Abbey of Thelema

Abbey of Thelema, Cefalù, Italy

References

“I took a villa at Cefalu in Sicily for work and play. We began the day with family prayers; we occasionally celebrated a semi-religious ceremony known as the Gnostic Mass.

Several people who were my guests at the “abbey” made imaginative copy out of their visits.

Then the Fascists came into power and some foreign newspaper correspondents were asked to leave.

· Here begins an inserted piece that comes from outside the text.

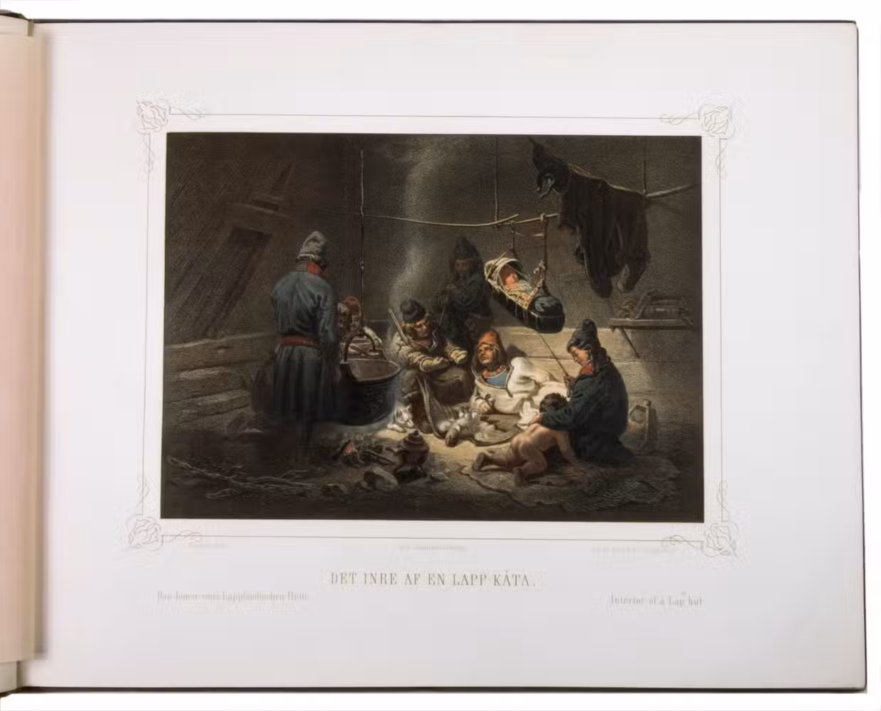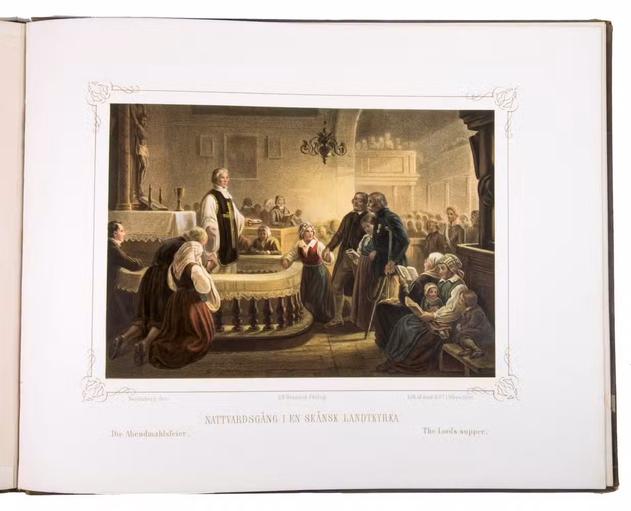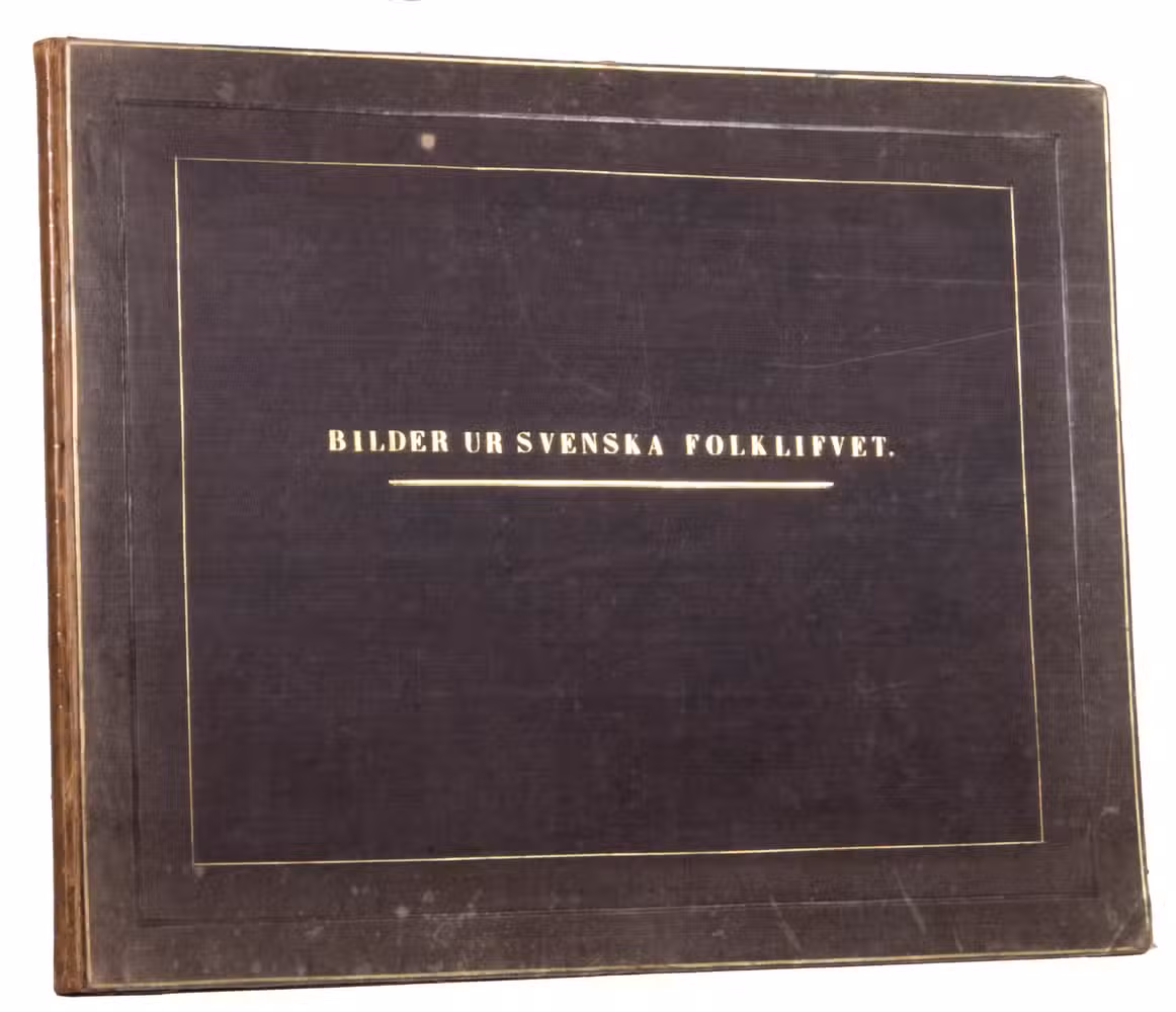 The text was written by Johan August Berg (dates unknown). The plates were lithographed by Arnz & Co. in Düsseldorf, after designs by Bengt Nordenberg (1822-1902), Killian Zoll (1818-1860), Josef Fredrik Höckert (1826-1866), Josef Wilhelm Wallander (1821-1888), and Gunnar Brynolf Wennerberg (1823-1894), who were all well-known Swedish painters specialising in genre scenes. Nordenberg, Zoll, and Wennerberg were members of the Düsseldorf school of painting, which was part of the German romantic movement.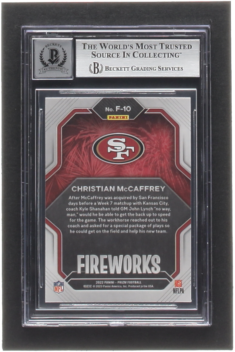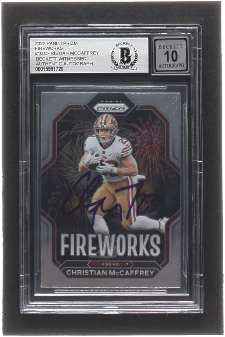 Christian McCaffrey Signed 2022 Panini Prizm Fireworks #10 (BGS | Autograph Graded 10)

And so was I.”—Aleister Crowley, Black Magic is Not a Myth

“Hirsig indeed proved herself immediately able to assist Crowley in translating his ideas into reality. In 1920 they founded the Abbey of Thelema in the town of Cefalù on the coast of Sicily, thus realizing in concrete form the dream of the French literary genius and early Thelemite François Rabelais. At the Abbey, Hirsig was instrumental in guiding Crowley, the Prophet of the New Aeon, to a deeper understanding of the Law of Thelema.”—Frater Hippokleides, Leah Hersig

“Crowley briefly operated such a project—the Abbey of Thelema in Sicily in the 1920s—and late in life he was making plans for another, to be called the Green Lion, which never came to fruition. The creative opportunity to bring such communities into existence is important to the Thelemic movement as a whole, because despite the basic emphasis on the liberty of the individual, we recognize that many of the most admirable and challenging aspects of human existence can only manifest in cooperation with others.”—T Polyphilus, The Great Beast Was Here

“Rabelais is commonly given credit for the initial formulation of the libertarian ethical maxim of thelema, being the sole rule of his fictional Abbey of Thelema: “fay çe que vouldras“, variously translated from archaic French as “do what thou wilt,” “do what you please,” “do as you wish,” etc.”—David Richard Jones, Part One: King Pausole and the Wican Rede.